Article

Neoplastic-like transformation effect of single-walled and multi-walled-carbon nanotubes compared to asbestos on human lung small airway epithelial cells.

National Institute for Occupational Safety and Health (NIOSH), 1095 Willowdale Road, Morgantown, Virginia, United States, 26505.
Nanotoxicology (Impact Factor: 7.34). 05/2013; DOI: 10.3109/17435390.2013.801089
Source: PubMed

ABSTRACT Abstract Accumulating evidence indicates that carbon nanotubes (CNTs) are biopersistent and can cause lung damage.
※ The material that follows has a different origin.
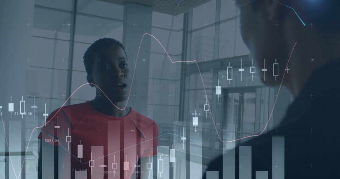 This illustration features animated financial graphs superimposed over two diverse women engaged in a business conversation within a modern office space. Ideal for presentations or campaigns emphasizing innovation in finance, gender equality in the workplace, or modern business strategies. Useful for websites, articles, or brochures focusing on diversity in finance and strategic discussions.
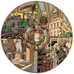 Ratatouille is a Limited Edition (LE) 60 pin from the Fantasy Pin Series: Stained Glass Mosaics pin series. It was originally released on , 2018 and is an Unlicensed (Fantasy) pin, so therefore it is not allowed to be traded in the Disney Parks.

With similar fibrous morphology and mode of exposure to asbestos, a known human carcinogen, growing concern has arisen for elevated risk of CNT-induced lung carcinogenesis; however, relatively little is known about the long-term carcinogenic effect of CNT. Neoplastic transformation is a key early event leading to carcinogenesis. We studied the ability of single- and multi-walled CNTs to induce neoplastic transformation of human lung epithelial cells compared to asbestos. Long-term (6 month) exposure of the cells to occupationally relevant concentrations of CNT in culture caused a neoplastic-like transformation phenotype as demonstrated by increased cell proliferation, anchorage-independent growth, invasion and angiogenesis. Whole genome expression signature and protein expression analyses showed that single- and multi-walled CNTs shared similar signaling signatures which were distinct from asbestos. These results provide novel toxicogenomic information and suggest distinct particle-associated mechanisms of neoplasia promotion induced by CNTs and asbestos.